Founded in the spare bedroom of William Cook’s Indiana apartment in 1963, Cook Medical is the world’s largest, privately-owned medical device manufacturer. An innovator in creating devices used in minimally invasive surgery, its transvaginal surgical mesh and blood clot filters have been the subject of recalls and costly litigation.

Cook Medical Logo

Established: 1963

Founder: William Cook

Headquarters: Bloomington, Indiana

Size: 11,000 employees

2016 Revenue: $2 billion (estimated)

Popular Products: Zenith series of endovascular grafts, Celect and Gunther Tulip IVC filters, Zilver drug-eluting stent

Cook Medical’s first products consisted of wire guides, needles and catheters. By 2017 the company had manufacturing plants on three continents, distributed products to 135 countries and had an estimated $2 billion in annual revenue.
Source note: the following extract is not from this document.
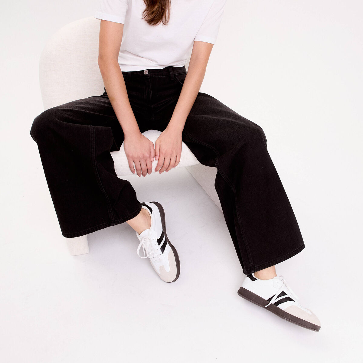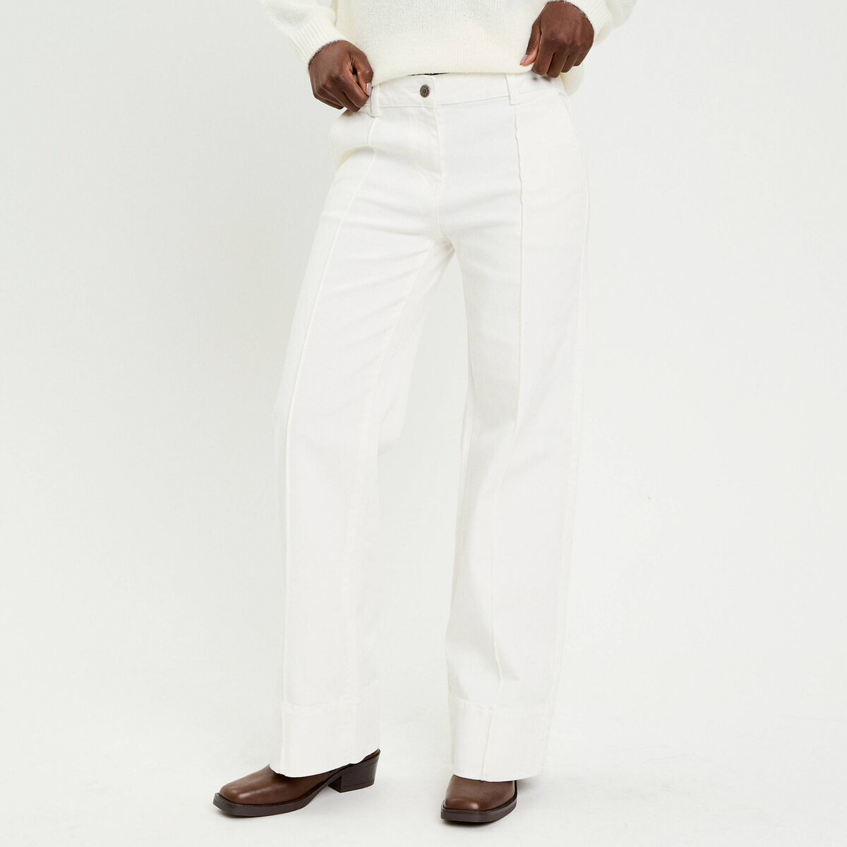 Jean wide leg taille standard denim blanc femme

Part of a 42-company Cook Group conglomerate, Cook is best known for designing and manufacturing devices used in minimally invasive procedures to diagnose and treat medical conditions.

Cook’s innovations have been largely responsible for reducing the need for open heart surgery.

The company was a pioneer in products used in minimally invasive cardiovascular surgery in its early years. Cook’s products redefined the role of catheters from a diagnostic tool to a therapeutic one. The company’s five decades of innovations have been largely responsible for reducing the need for open heart surgery. Cook also introduced the first coronary stent, a device placed in blood vessels of the heart to repair blockage.

Cook Medical’s business is built around 10 company divisions covering 41 medical specialties. These range from medical devices and tissue and cellular-based products to contract research and clinical trial management.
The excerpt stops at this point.